What is required >> Which lines hold the word "ambiental"? Copy each of them from the material.
****************
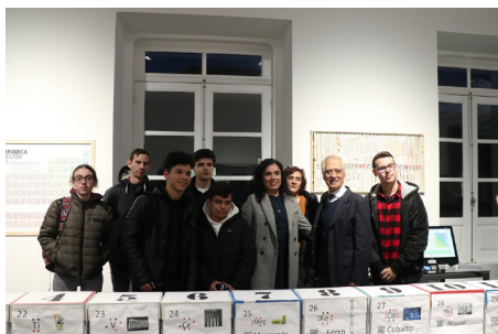
Alunos do Curso Profissional Técnico de Multimédia
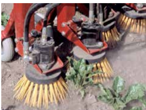
Borstar för ogräsbekämpning nära och i raden.

Radrensare har ofta gåsfotsskär som standard, men man kan också använda tallrikskär, stjärnhjul och borstar som bearbetningsorgan. En potatiskupare är användbar om man odlar grönsaker på potatisdrillar. Med dessa redskap kan man med olika inställningar bearbeta jorden mellan raderna och kupa jord in i raderna för att täcka små ogräs.
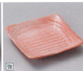
05419-291 赤染正角皿 2,100円 (17.5×3.5cm)
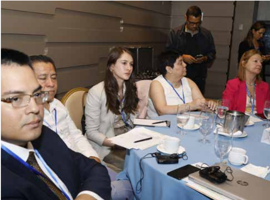
La Conferencia se desarrolló del 25 al 26 de septiembre de 2023, con la participación de representantes de derecho ambiental de América Latina y el Caribe.

las posibles acciones jurídicas, políticas y comunitarias para transformar los principios del derecho ambiental en práctica. De igual manera, se abordaron las vías para fortalecer el trabajo en colaboración y la creación de redes entre las partes interesadas, incluidas las clínicas de derecho ambiental y la creación de una plataforma regional de docentes de derecho ambiental. El ministro de Ambiente, Milciades Concepción, manifestó que es necesario prestar atención al derecho ambiental como la herramienta que va a garantizar la sostenibilidad del uso de los recursos, al contener las normas que regulan el comportamiento humano, y conocimientos que provienen de otras ciencias ambientales no jurídicas.
****************
Answer space >>
La Conferencia se desarrolló del 25 al 26 de septiembre de 2023, con la participación de representantes de derecho ambiental de América Latina y el Caribe.
las posibles acciones jurídicas, políticas y comunitarias para transformar los principios del derecho ambiental en práctica. De igual manera, se abordaron las vías para fortalecer el trabajo en colaboración y la creación de redes entre las partes interesadas, incluidas las clínicas de derecho ambiental y la creación de una plataforma regional de docentes de derecho ambiental. El ministro de Ambiente, Milciades Concepción, manifestó que es necesario prestar atención al derecho ambiental como la herramienta que va a garantizar la sostenibilidad del uso de los recursos, al contener las normas que regulan el comportamiento humano, y conocimientos que provienen de otras ciencias ambientales no jurídicas.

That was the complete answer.